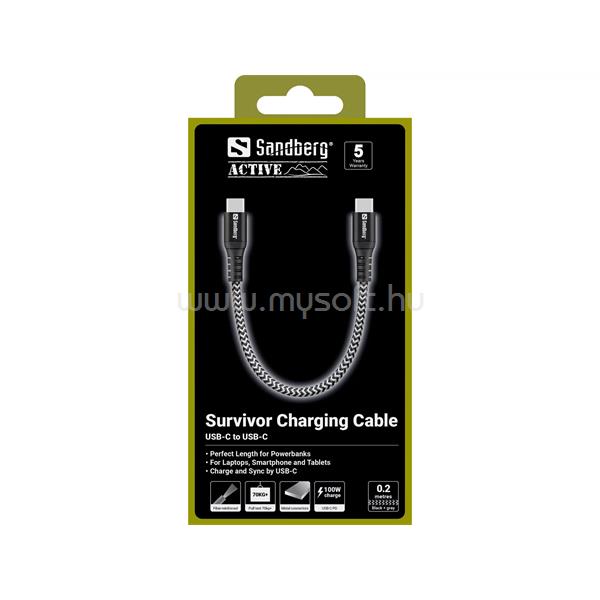 SANDBERG SURVIVOR CABLE 0.2M EGY ULTRA-RÖVID TÖLTŐKÁBEL, 100W,
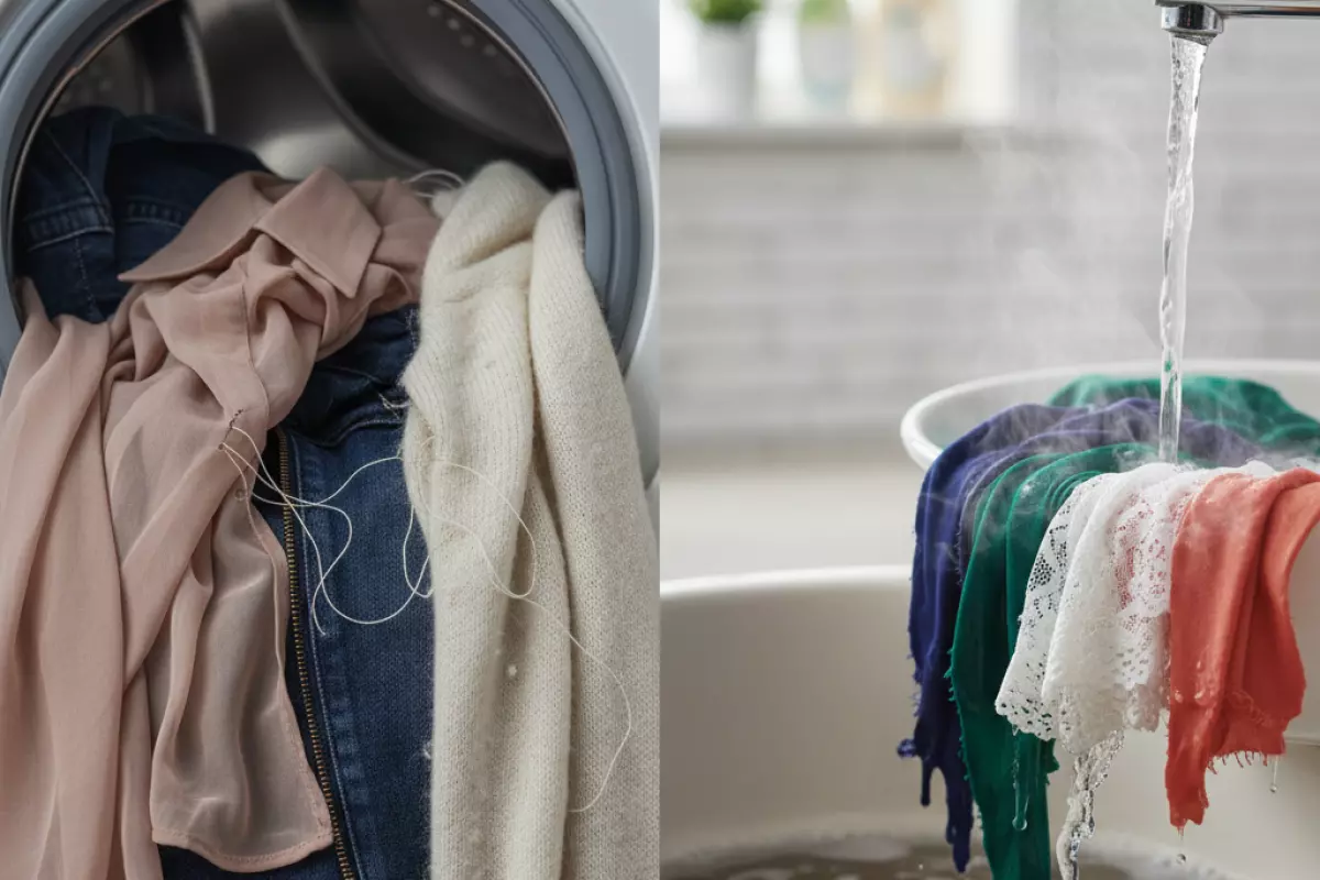 | Кружево, сетка, тюль | Зацепки, разрывы, потеря формы | Стирка без мешка, соседство с молниями и крючками | Деликатный режим, иногда только ручная стирка |
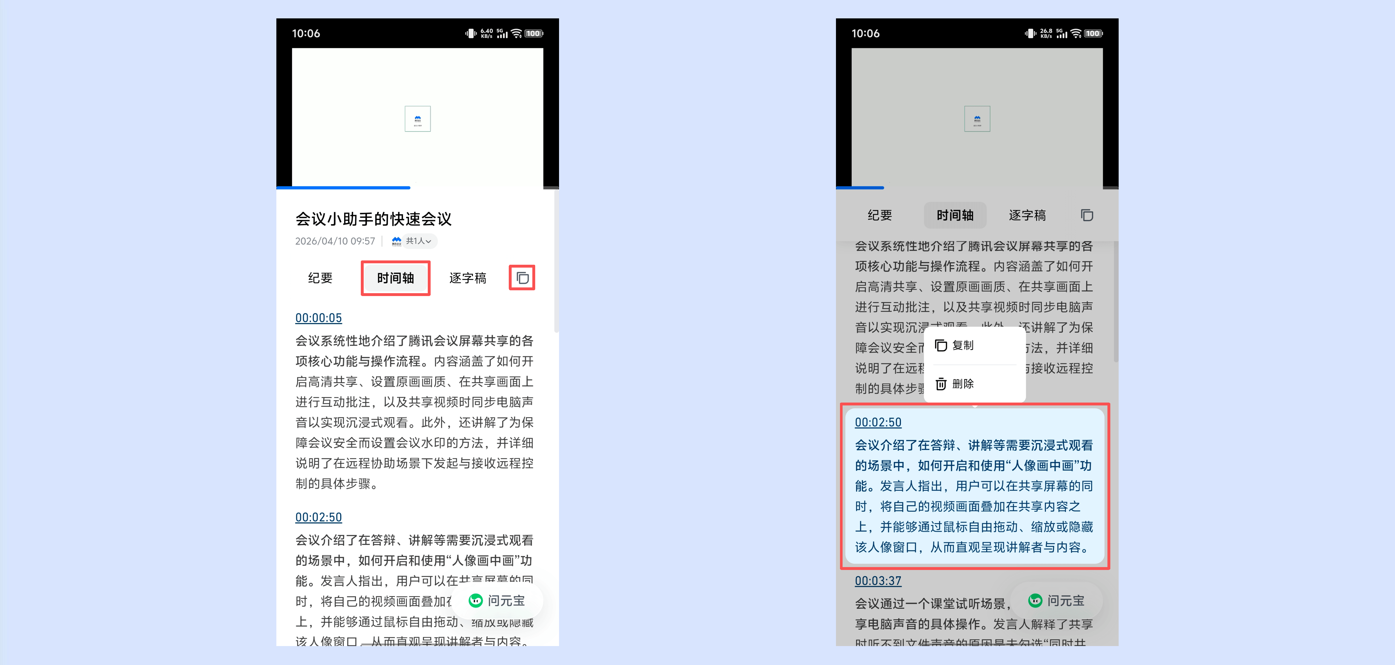 ②点击纪要内容,即可跳转索引信息自动播放,长按可对该段内容进行复制、删除操作。
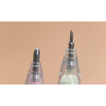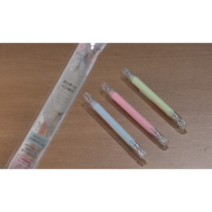 - ペン型のカッターの反対側にのりがついており、ちょっとした作業に便利
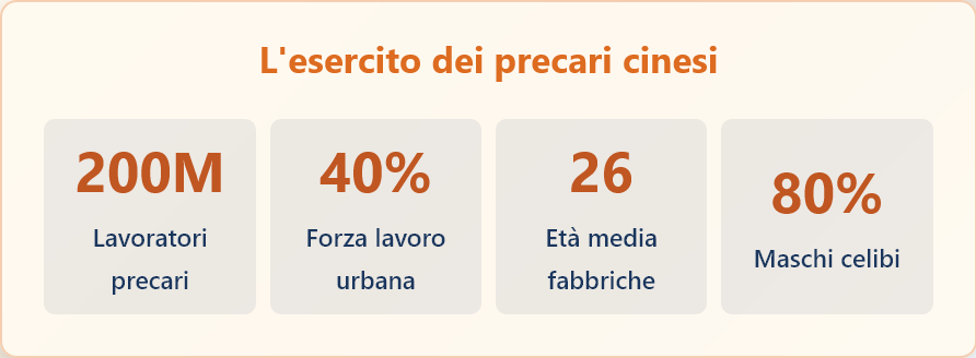 L’economia cinese ha generato un esercito di lavoratori precari di proporzioni senza precedenti. Duecento milioni di persone, il 40 circa della forza lavoro urbana del paese e un quarto circa di quella totale, vivono oggi in condizioni di impiego flessibile, scrive l’Economist. Questa massa di lavoratori precari rappresenta la spina dorsale invisibile dell’economia cinese, eppure rimane largamente esclusa dalle tutele e dai diritti che il sistema garantisce formalmente ai dipendenti regolari. La loro condizione è ormai diventata strutturale.
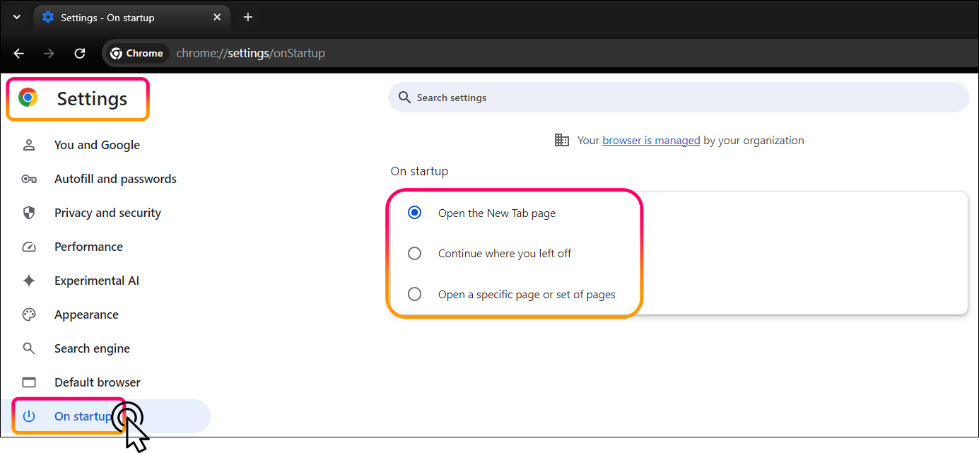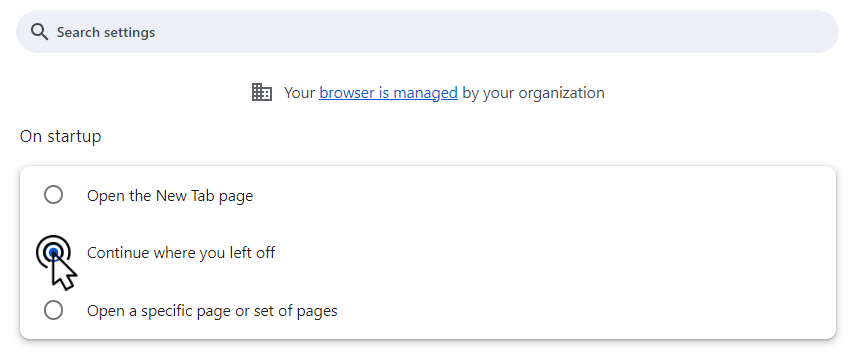 On Startup의 3가지 메뉴중 현재 "Open the New Tab page" 대신 "Open a specific page or set of pages"를 선택합니다.

◆ Task goal
With the pictures left out, write out exactly the lines above from the one containing "- ペン型のカッターの反対側にのりがついており、ちょっとした作業に便利" through the one containing "L’economia cinese ha".

◆ Solution for this exercise
 - ペン型のカッターの反対側にのりがついており、ちょっとした作業に便利
 L’economia cinese ha generato un esercito di lavoratori precari di proporzioni senza precedenti. Duecento milioni di persone, il 40 circa della forza lavoro urbana del paese e un quarto circa di quella totale, vivono oggi in condizioni di impiego flessibile, scrive l’Economist. Questa massa di lavoratori precari rappresenta la spina dorsale invisibile dell’economia cinese, eppure rimane largamente esclusa dalle tutele e dai diritti che il sistema garantisce formalmente ai dipendenti regolari. La loro condizione è ormai diventata strutturale.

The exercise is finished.